Support for electric mobility is a positive trend
The report also said that since (FY) 2019, subsidies for electric vehicles have risen more than 2.3 times, reaching Rs. 11.41 billion (Rs. 1,141 crore) in (FY) 2020, mainly driven by growing sales and further support is needed for manufacturing capacity.
It explained that many of the subsidies have been driven by the increase in sales of two-wheeler electric vehicles, up by around 21 percent from (FY) 2019 to 2020 but the sale of four-wheel electric vehicles, however, dropped by 200 units.
“Various states and union territories also support the adoption of the EVs through subsidies for manufacturers, consumers, and charging infrastructure or through government procurement,” it said.
The report also highlighted the need for non-financial incentives for the EVs such as “priority lanes and reserved parking spaces.”
“An estimated investment of Rs. 205.8 billion (Rs. 20,580 crore) will be required toward charging infrastructure development alone.

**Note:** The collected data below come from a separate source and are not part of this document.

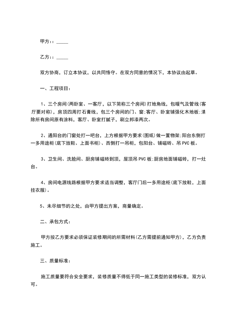 装修项目的具体要求,由甲方提出,乙方实施。本协议未尽事宜,由双方协商解决。本协议自双方签字之日起生效。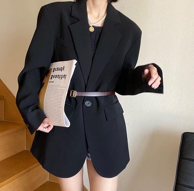ブレザー レディース ブラック 韓国風 シングルブレスト テーラードジャケット 個性派デザイン ゆったり リラックスフィット カジュアル 体型カバー 長袖 ポリエステル アウター 春秋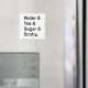 Un aimant avec les ingrédients de kombucha : eau, thé, sucre, scoby. Design original.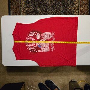 Show your patriotic pride with this bold Freedom Rider sleeveless muscle tank. Featuring a striking motorcycle graphic with the word “FREEDOM” and the historic year “1776”, this tank is perfect for warm weather and casual wear.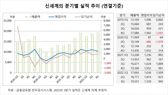신세계는 올해 3분기 실적을 잠정 집계한 결과 연결기준 매출액이 1조9551억원, 영업이익이 1530억원, 당기순이익이 945억원에 이를 것이라고 공시했습니다.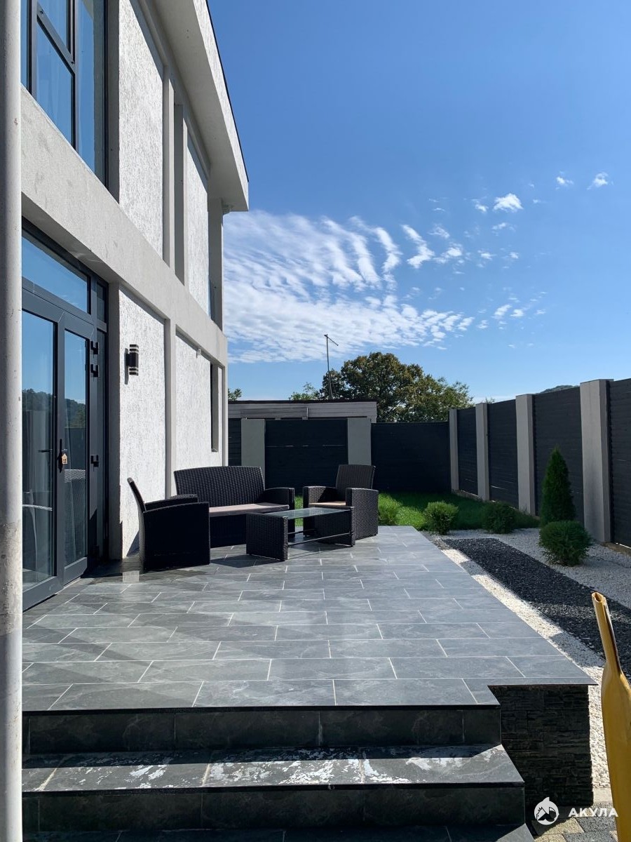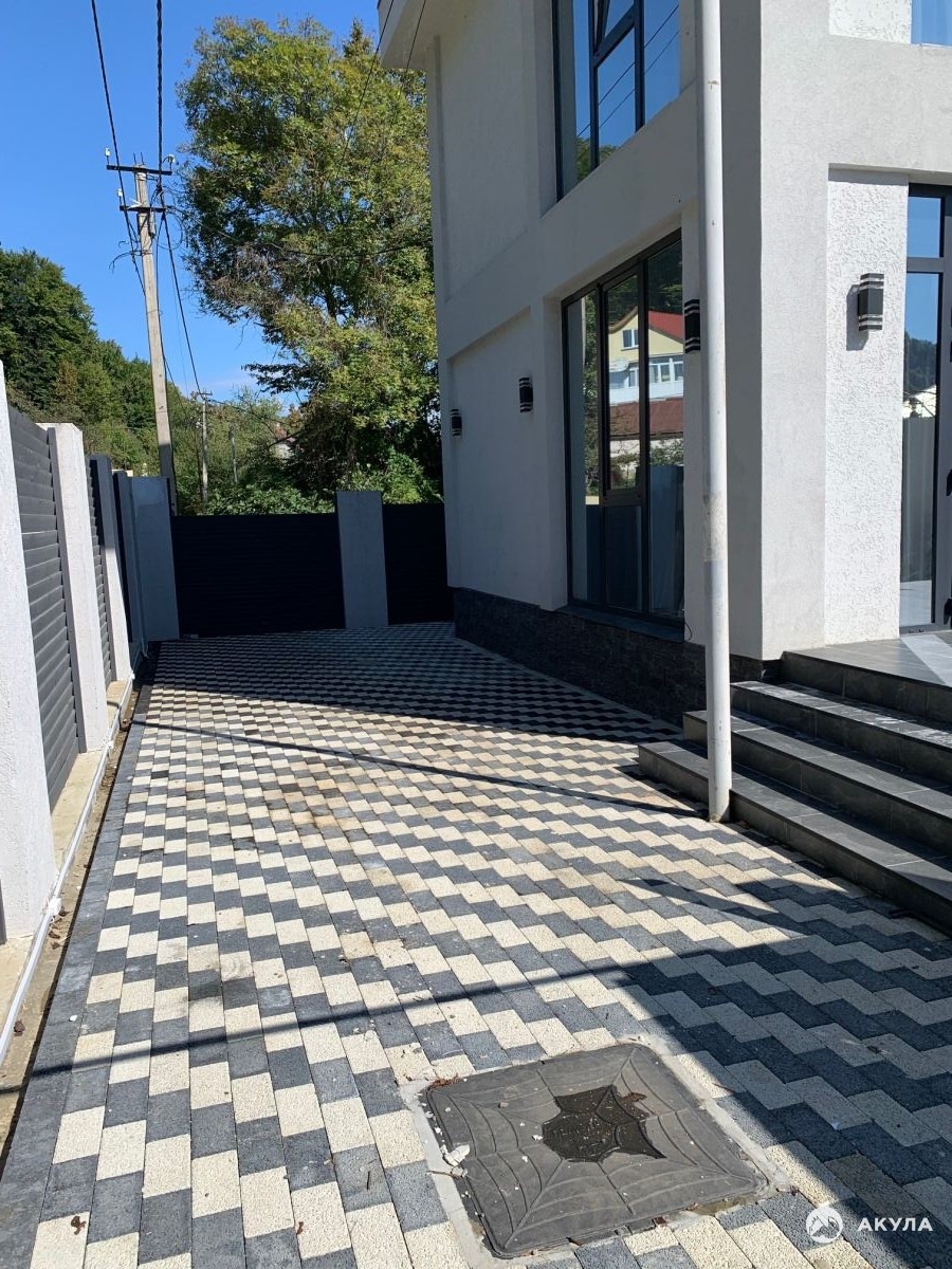 Асфальт прямо до дома . Электрические ворота . Ландшафт.
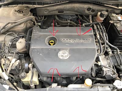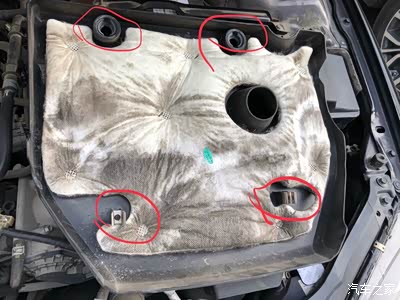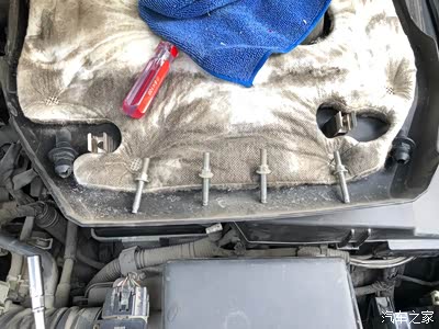 接下来就是开机盖开始更换了,首先要把发动机护罩拿掉,发动机护罩有四个固定位置,前面两个是开口卡子后面是两个橡胶圆孔卡子,双手分别把住护罩前端的左右两侧,向上一抬就起来了,此时再用双手把住后端向上抬就顺利的拿掉护罩了。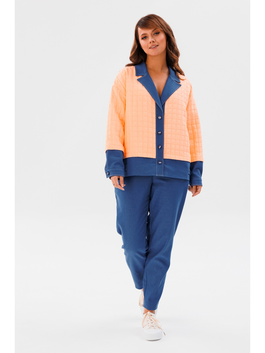 Жакет прямого силуэта со спущенной линией плеча, выполненный из двух видов ткани: стежка (не тянется) и джинсовой ткани (тянется). По переду отрезные планки, центральная застежка на петли-пуговицы. Низ оформлен отрезными планками с отделочными патами на петли и пуговицы. Горловина оформлена воротником пиджачного типа с лацканом. Рукава одношовные, с подрезом в нижней части, по низу с притачной ланжетой, застегивающейся на пуговицы. Жакет без подкладки.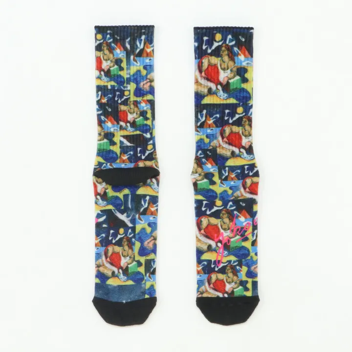 HOiSUMと日本を代表するアーティスト横尾忠則氏とのコラボレーションソックス。 連画の河 —— 終わりなきイメージの流れ 2023年春、横尾忠則氏は故郷の川辺で同級生たちと撮った一枚の古い記念写真をインスピレーションに、新たな連作「連画」に着手しました。 俳諧の「連歌」のように、昨日の筆跡が今日へ、今日の色彩が明日へとバトンを渡していく創作プロセス。 この作品世界では、イメージは川の流れのように現れては消え、過去作のモチーフも大河の中で溶け合います。この果てしない創造の旅は、世田谷美術館《連画の河》展(2025年4月25日開幕・新作油彩約60点展示)で体感できます。 HOiSUMは「連画の河」シリーズより、横尾忠則氏の芸術世界をソックスに落とし込みました。
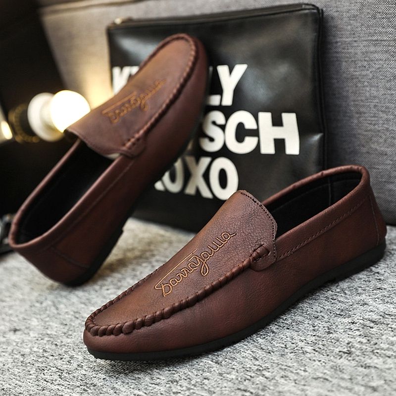 SHLIANG Herr Modeskor Nya Casual Skor för Herr Slip-On Loafers Bekväma Mjuka Läderskor Andningsbara Mockasiner Y0165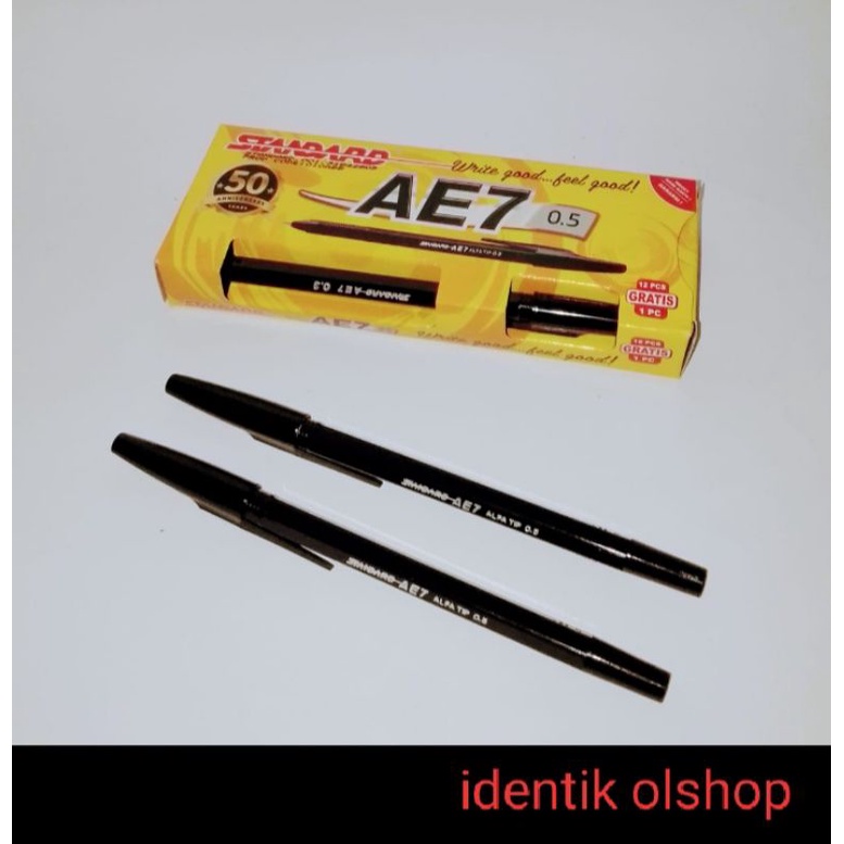 Bolpoint standard AE7 tersedia dalam tiga warna hitam merah dan biru

The government is also actively working to support the EV manufacturing industry by framing favourable industrial policies,” it said.
According to the report, going forward what is required is an increase in support measures to ensure the “production of cheaper and more efficient EVs” to tackle the current low demand.
“As EV subsidies grow, all efforts must be made to ensure that sustainability remains at the helm of this transition to EVs on all fronts: clean energy supply, prioritising a sustainable supply chain for manufacturing, choosing battery components, and designing a recycling plan,” it said.
Chandra Bhushan, who is president and chief executive officer (CEO) of the International Forum for Environment, Sustainability and Technology (iForest), a think-tank working on environmental and sustainability issues, said that a recent global survey of EVs shows that 39 percent of buses and 44 percent of two-three wheelers sold globally are EVs while in case of vans/trucks and passenger cars, the number is about one percent and four percent respectively.
“Frankly, if India wants to speed up adoption of EVs, it should focus on buses and two/three-wheelers as they are already commercialised. This segment is market-ready and won’t require much subsidy push. However, in the case of electric four-wheelers, there might be a case of subsidies for a limited time. But most importantly, the mainstreaming of EVs requires the government to facilitate the transition through standards, infrastructure and policies like public procurement,” Bhushan told Mongabay-India.